Triangles
N nails are hammered in the wall. Some pairs of nails are connected with wires, possibly multiple. You may assume that there are no wires connecting nail to itself. Each wire is colored: white, blue, or red. We say that three wires form a triangle if there is a cycle connecting three nails. We call a triangle multi-colored if it is formed by wires of three distinct colors.

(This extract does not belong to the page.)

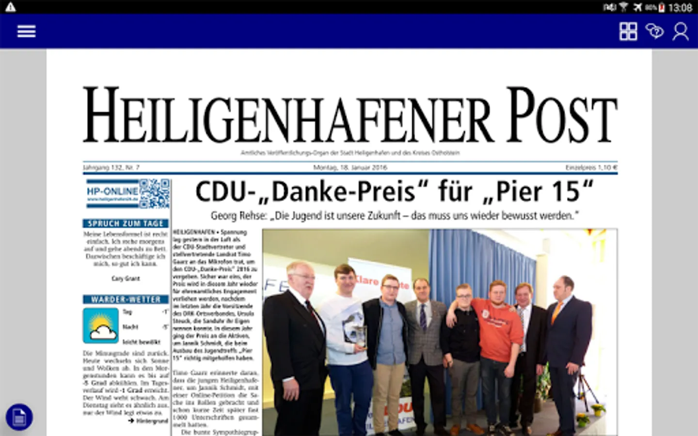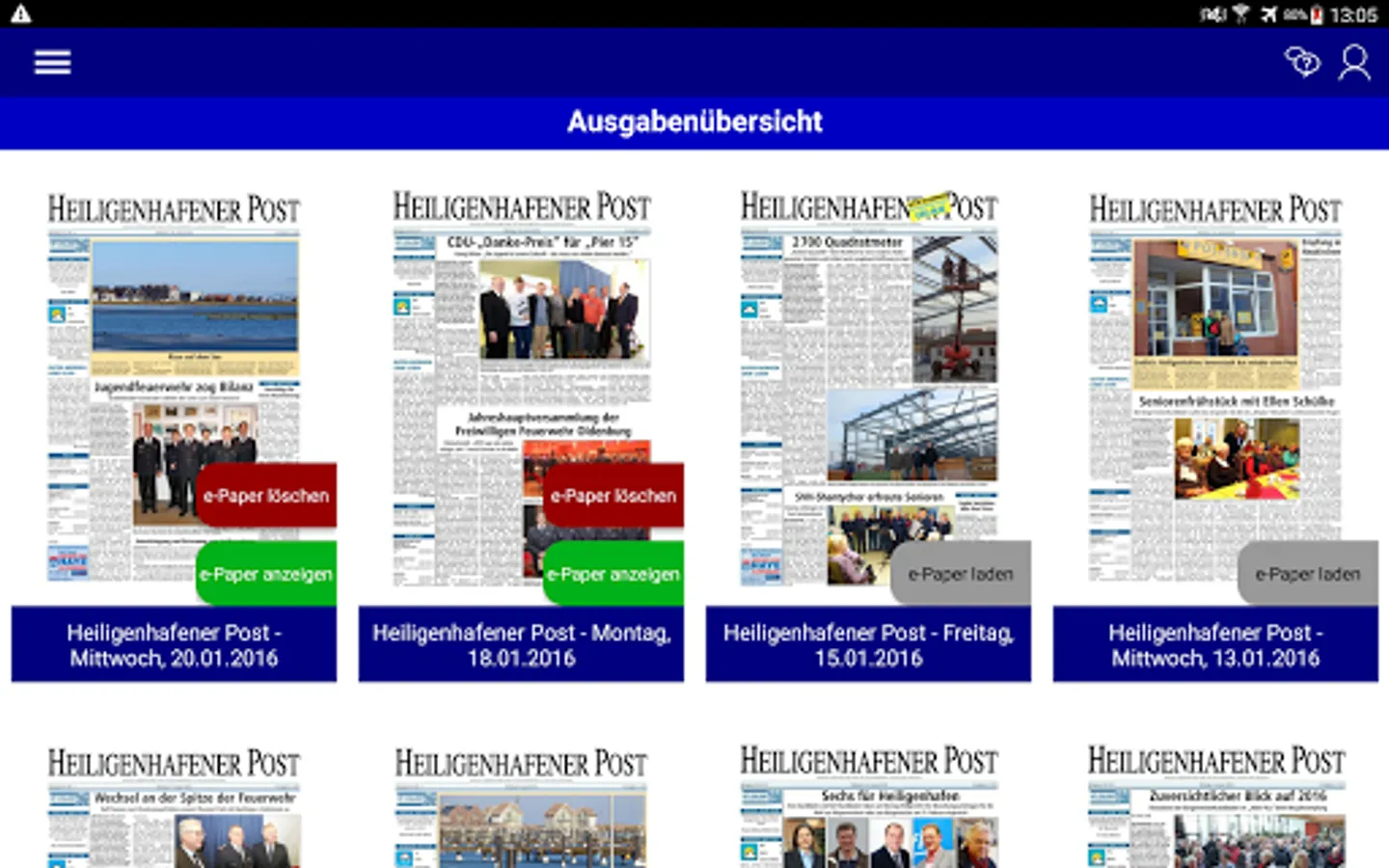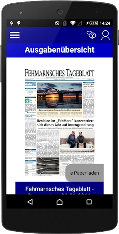 The Fehmarn24 e-Paper App keeps all two editions of the past 14 days of publication in

Write a program to compute the number of multi-colored triangles for a given list of wires.
Input
The first line of the input file contains two space-delimited numbers N and M (2 ≤ N ≤ 1000, 0 ≤ M ≤ 3000) — the number of nails and the number of wires. Each of the following M lines contains three integers: numbers of nails being connected by a wire, and the color of that wire. The color is indicated by integers 1, 2, or 3.
Output
The output file should contain a single integer, the number of multi-colored triangles.
Example explanation
The multi-colored triangles are formed by the following triples of wires:
(1,3,1), (3,4,2), (1,4,3);
(1,3,1), (3,4,2), (1,4,3);
(1,3,2), (4,3,1), (1,4,3);
(1,3,2), (4,3,1), (1,4,3).
Please note. In the example, the first and the second triangles, as well as the third and the fourth ones seem to be identical, however, given that there are two wires of the same color between the nails #1 and #4, the triangles are considered to be different as different wires are used to form the triangles.